Description du projet
Relances, délais, dossiers à constituer… le recouvrement des créances est souvent synonyme de temps administratif lourd et chronophage pour les entreprises.
Mais au-delà de cette charge, le véritable enjeu est ailleurs : la trésorerie. Les retards de paiement restent aujourd’hui un problème majeur pour les entreprises :
- +25 % le risque de défaillance
- jusqu’à 40 % lorsque le retard dépasse un mois
👉 Une facture impayée, c’est un impact direct sur la santé financière de l’entreprise.
Dans ce contexte, la loi du 23 avril 2026 introduit une procédure simplifiée de recouvrement des créances commerciales incontestées.
Objectif affiché : Accélérer le recouvrement des factures impayées, limiter les démarches et éviter le recours systématique au juge.
Recouvrement des créances : une procédure simplifiée rapide et sans juge
Jusqu’à présent, pour récupérer une créance impayée, les entreprises avaient deux solutions :
- recouvrement amiable (relance client, négociation)
- recouvrement judiciaire :
- injonction de payer
- référé
- assignation en justice
👉 Des procédures souvent longues, coûteuses et peu adaptées aux TPE et PME.
Avec la réforme, une nouvelle procédure permet de recouvrer une créance plus rapidement, à condition qu’elle soit :
- entre professionnels
- issue d’une facture
- non contestée
- certaine, liquide et exigible
👉 Elle présente plusieurs avantages :
- aucune limite de montant
- pas de juge dans un premier temps
- intervention simplifiée via un commissaire de justice
Comment fonctionne cette procédure ?
Le processus est structuré mais volontairement simplifié pour gagner du temps :
1. Commandement de payer
Le créancier fait appel à un commissaire de justice qui adresse au débiteur :
- le détail de la créance
- le montant à régler
- un délai de 1 mois pour payer
2. Deux scénarios possibles
Le débiteur conteste la dette
✔️ La procédure s’arrête immédiatement
✔️ Le dossier bascule vers une procédure classique devant le jugeLe débiteur ne répond pas ou ne paie pas
✔️Le commissaire de justice établit un procès-verbal de non-contestation
3. Une créance directement exécutoire
Ce procès-verbal devient exécutoire après validation. Cela signifie que :
- le créancier peut engager directement le recouvrement
- sans repasser devant un tribunal
- le débiteur reste informé et conserve un droit de contestation
- le créancier dispose d’un délai de 6 mois pour agir
Les frais de la procédure sont à la charge du débiteur.
En conclusion
Cette procédure simplifiée apporte une vraie opportunité : gagner du temps et sécuriser plus rapidement la trésorerie, dans les situations les plus simples.

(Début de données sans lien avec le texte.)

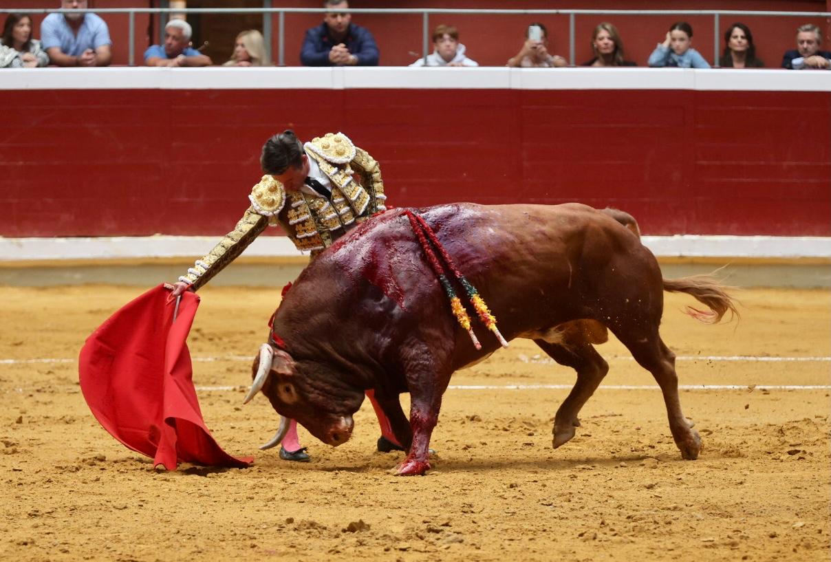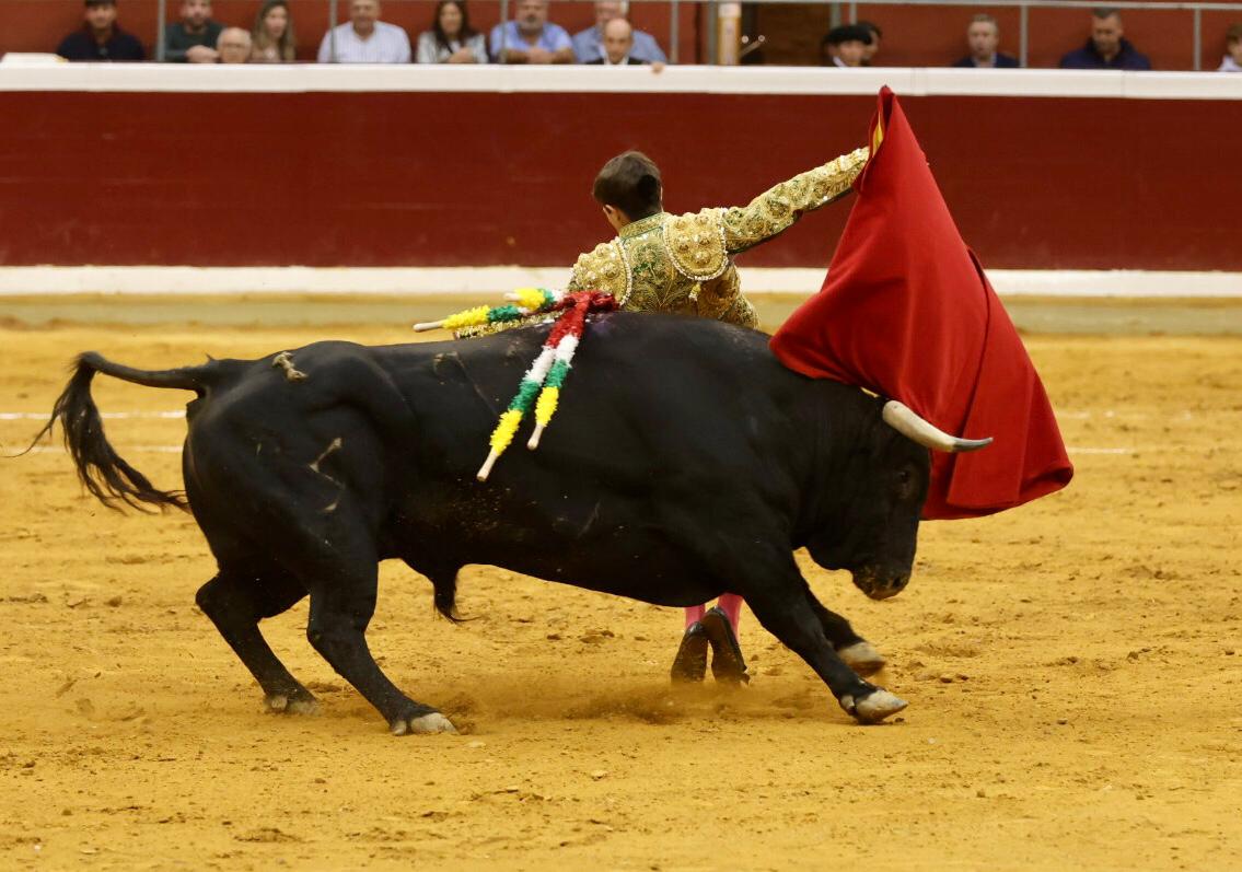 Aarón Palacio saludó al cuarto con dos largas cambiadas de rodillas junto a las tablas. Inició su faena de muleta desde los medios, con algunos cambiados por espalda que emocionaron a un público que captó rápidamente en su labor. Continuó sobre el derecho de un animal pronto y obediente que respondía a la larga distancia. Sin embargo, cada vez le iba costando más y Aarón tuvo que buscarlo a pitón contrario para meterlo y después llevarlo cosido en unas tandas ligadas. Cambió al natural, siendo algo más bronco en aquellas embestidas. En el tercio se la puso y le corrió la mano aunque con teclas y sin ser del todo fácil. Poco a poco se iban complicando más aquellas embestidas, a pesar de la largura y salida que le diera el diestro al natural. Después de varias medias arrancadas decidió cambiar al pitón derecho, pasándolo de uno en uno. Metió un estoconazo al segundo intento.

✅ Bien utilisée, elle peut devenir un levier efficace pour accélérer le recouvrement sans passer systématiquement par des démarches lourdes.
👉 Et surtout, elle vient s’ajouter à d’autres réflexes utiles. Comme le partageait dernièrement Arnaud Boisson de Maison Boisson à St Mathurin (49) : en cas de vente de l’établissement d’un débiteur, il est possible d’agir rapidement en suivant les publications au BODACC et en déclarant sa créance dans les 10 jours.
Au final, plus qu’une solution unique, c’est l’ensemble de ces outils et bonnes pratiques qui permettra aux entreprises de mieux se protéger face aux impayés.